# Description of the task
Could you write out exactly, and only, the lines from the one containing "2. 일보관리 추가금액 입력 버그 기능 수정" through the last line of the data, leaving out all pictures?
[[ Exercise data open ]]
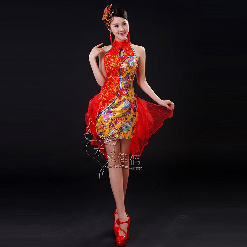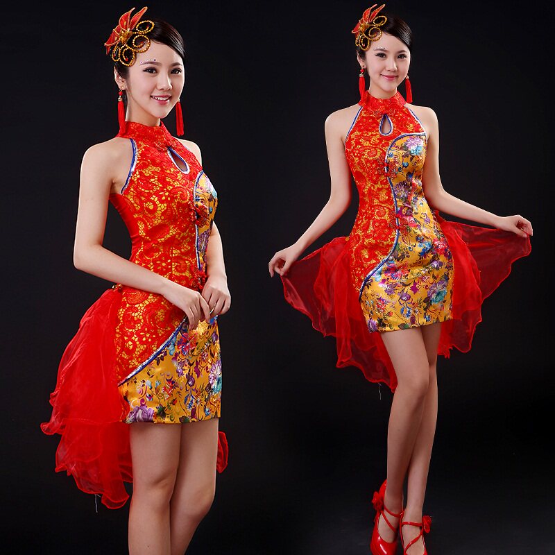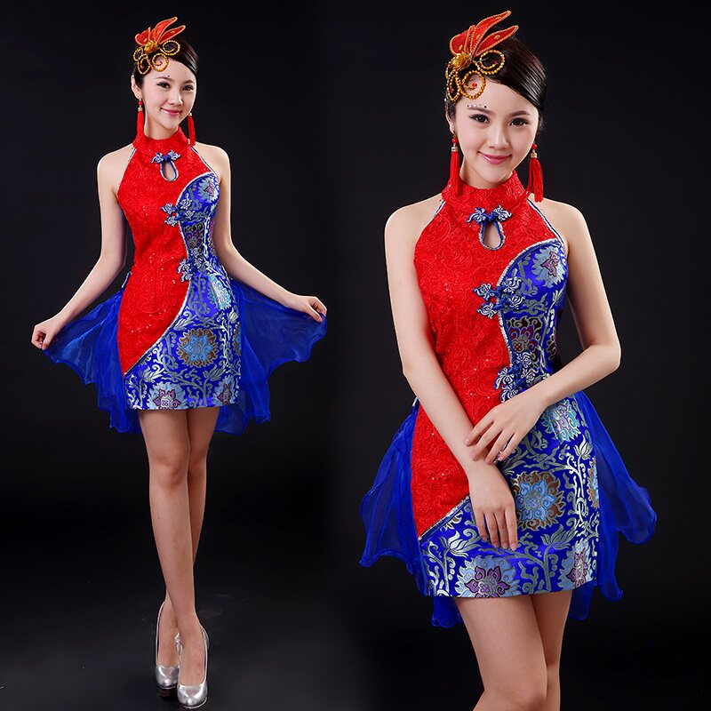 淘宝时尚演出服开场舞现代舞舞蹈短裙女青春民族广场舞水鼓服装中国风
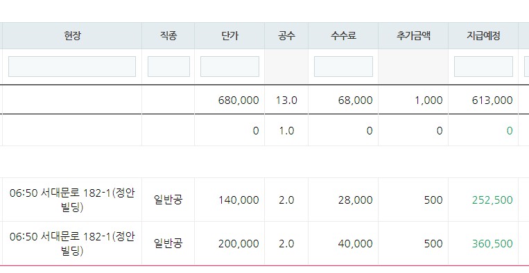 2. 일보관리 추가금액 입력 버그 기능 수정
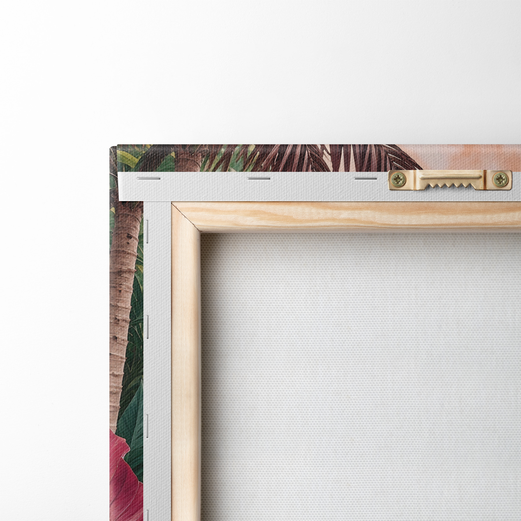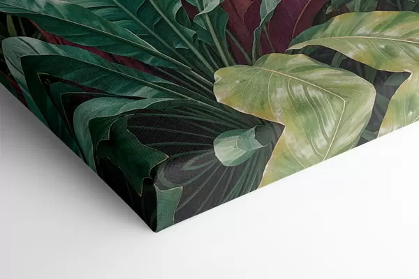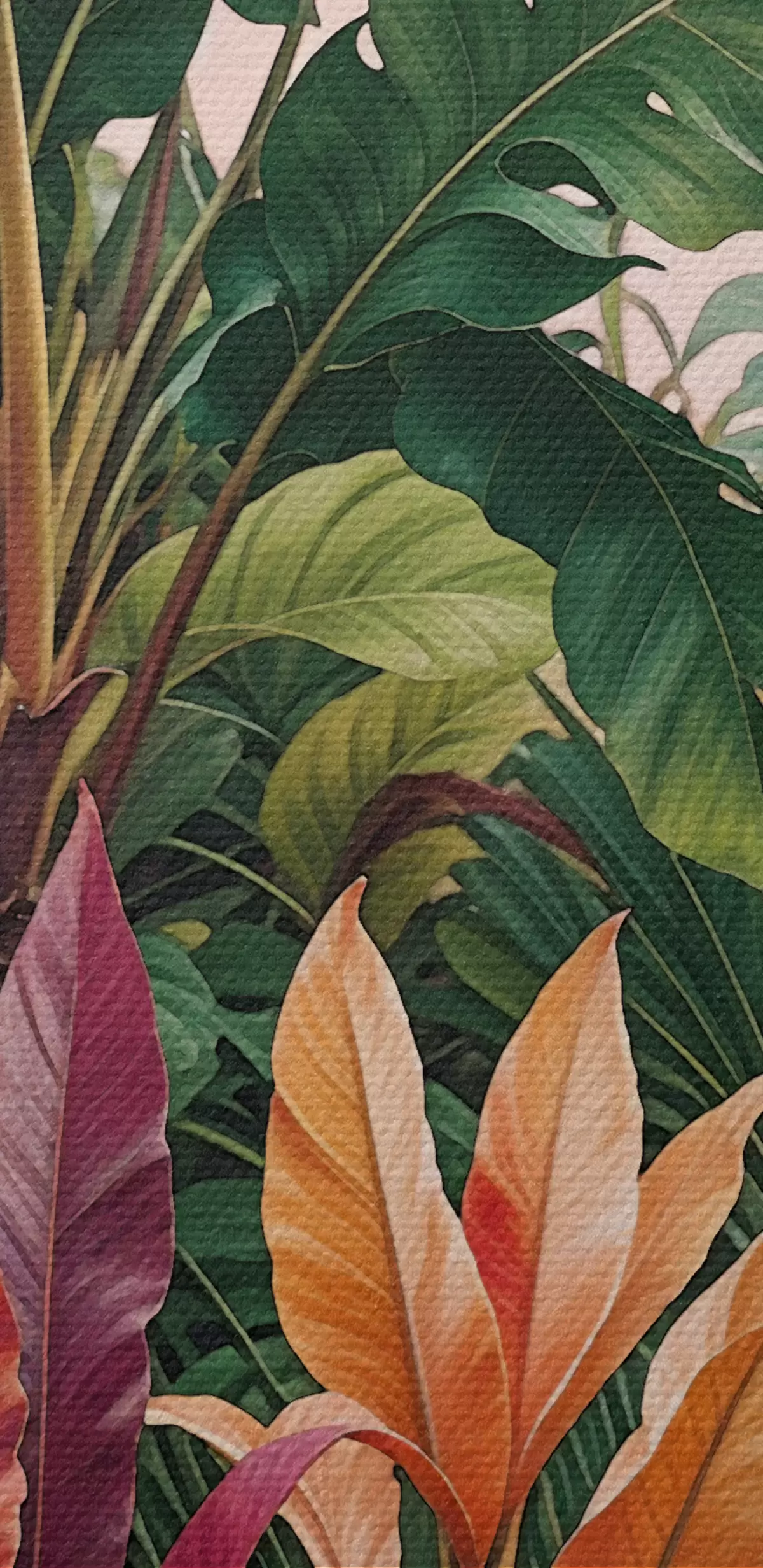 Glezna Sulīgi, tropiski džungļi ar koši zaļām lapām, palmu lapiņām un krāsainiem ziediem s38817
[[ Exercise data closed ]]
# Response box
 2. 일보관리 추가금액 입력 버그 기능 수정
 Glezna Sulīgi, tropiski džungļi ar koši zaļām lapām, palmu lapiņām un krāsainiem ziediem s38817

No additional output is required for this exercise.